No good. The ice cube was still stuck. Philippe gaped up at Trent with his eyes bulging and his mouth wide open as if in a silent scream.
Trent got behind him and wrapped his arms around his torso. He balled his right hand into a fist and clenched it with his left and heaved up and in towards Philippe’s diaphragm. One thrust. Two. No diffe
rence. He thrust extra hard the third time around.
Philippe convulsed and coughed and hacked up the ice cube, spitting it out of his mouth. He sucked air desperately, groaning and wheezing.
Trent hauled him away from the broken glass. He knelt beside him. Watched Philippe rock his head and sigh and splutter. Waited until he gazed up at him, trembling in shock and outrage.
‘Lesson One,’ Trent said. ‘I don’t work for your father, so I don’t take any attitude from you. If you plan to be part of this situation, you’re going to drink some coffee. If you refuse, you’re out. Got that?’
* * *
Philippe opted to drink the coffee and Alain left the room to prepare it. By the time he returned with a solid silver tray in his hand, Philippe had dragged himself back to the chesterfield. His body was tilted over to one side and his breathing was very deliberate. He was inhaling and exhaling like it was a new and slippery skill he’d just acquired.

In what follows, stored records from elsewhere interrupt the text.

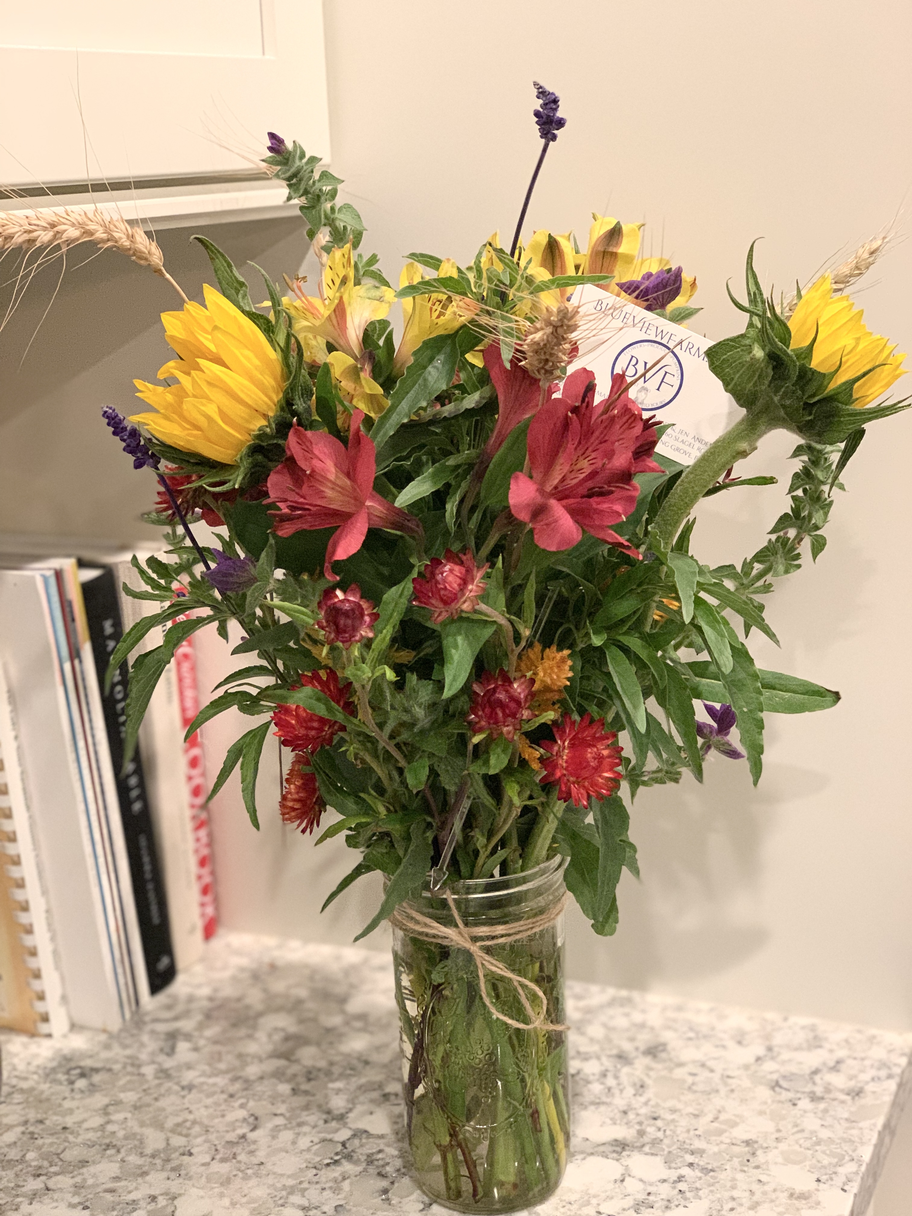 Seasonal flowers beautifully arranged in a wide-mouth mason jar.
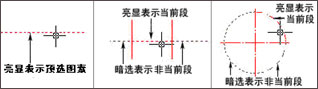 c、 光标沿快速绘图坐标系(QCS)的坐标轴方向移动到和最近的图素的交点,如下图。
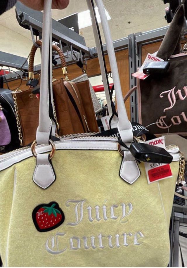 A stylish yellow handbag featuring a strawberry patch and the Juicy Couture logo. It has structured sides and a zip closure.
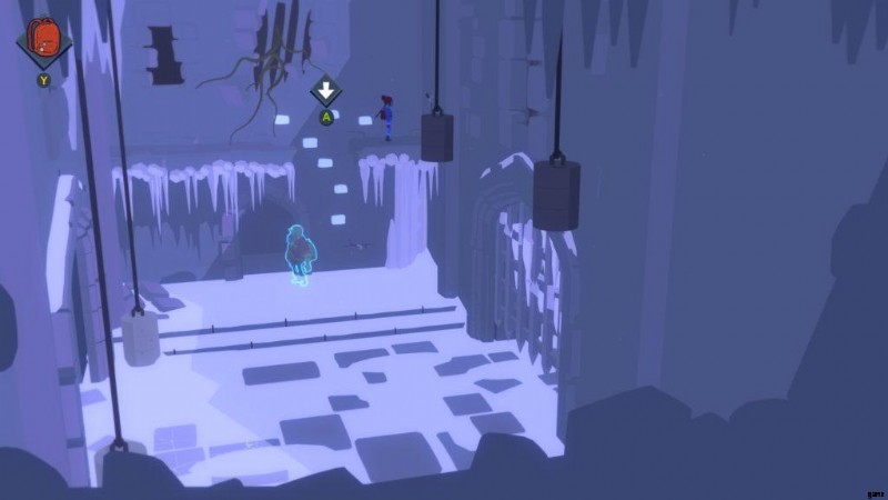階下に戻り、緑のアーチ道を通り抜けると、壁にひび割れがあり、上にレンガがいくつかあります。前と同じように、壁の割れ目にピトンを使用してから、トーベに切り替えてレンガを登らせます。彼女が起きたら、果物を手に取り、降りてください。

Alain set the tray down on the corner of the desk. There was a steaming white mug and an aluminium coffee pot on it.
Trent moved across and picked up the mug. Heat leaked through the porcelain against his palm. The coffee was black and hot and strong. Trent smelled its earthy aroma as he shoved the mug towards Philippe and wrapped his hands around it. He could see Philippe’s gaunt reflection in the dark liquid as he lowered his face to take a sip.
It occurred to Trent that Philippe was exactly the brattish, spiteful type of guy who might try throwing the scalding liquid in his face. So he was cautious, but he remained close.
Philippe wasn’t drinking fast. He was imbibing from the mug much slower than he had from the whisky tumbler. Trent snatched at Philippe’s left wrist and tapped the face of his gold wristwatch. Told him to stop wasting time.
Truth was, Trent wasn’t a great believer in the power of caffeine to sober anybody up. But he did believe that shock and fear and intimidation could work, and he was more than willing to test the theory.